◆ **INFORMATION SHOWN**
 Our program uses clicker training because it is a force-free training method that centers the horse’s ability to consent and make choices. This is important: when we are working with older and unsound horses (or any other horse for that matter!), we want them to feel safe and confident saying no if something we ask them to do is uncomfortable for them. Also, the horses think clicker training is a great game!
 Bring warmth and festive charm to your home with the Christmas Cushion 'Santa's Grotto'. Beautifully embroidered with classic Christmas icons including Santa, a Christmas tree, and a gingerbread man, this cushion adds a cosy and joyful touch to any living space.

---

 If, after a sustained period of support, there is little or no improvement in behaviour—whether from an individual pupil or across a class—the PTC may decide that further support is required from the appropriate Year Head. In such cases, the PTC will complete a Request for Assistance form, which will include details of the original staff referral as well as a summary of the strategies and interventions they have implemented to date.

◆ **EXERCISE DIRECTIONS**
The response must hold only the lines above from the line with "Our program uses" through the line with "Bring warmth and", each copied exactly, both ends kept.

◆ **ANSWER SECTION**
 Our program uses clicker training because it is a force-free training method that centers the horse’s ability to consent and make choices. This is important: when we are working with older and unsound horses (or any other horse for that matter!), we want them to feel safe and confident saying no if something we ask them to do is uncomfortable for them. Also, the horses think clicker training is a great game!
 Bring warmth and festive charm to your home with the Christmas Cushion 'Santa's Grotto'. Beautifully embroidered with classic Christmas icons including Santa, a Christmas tree, and a gingerbread man, this cushion adds a cosy and joyful touch to any living space.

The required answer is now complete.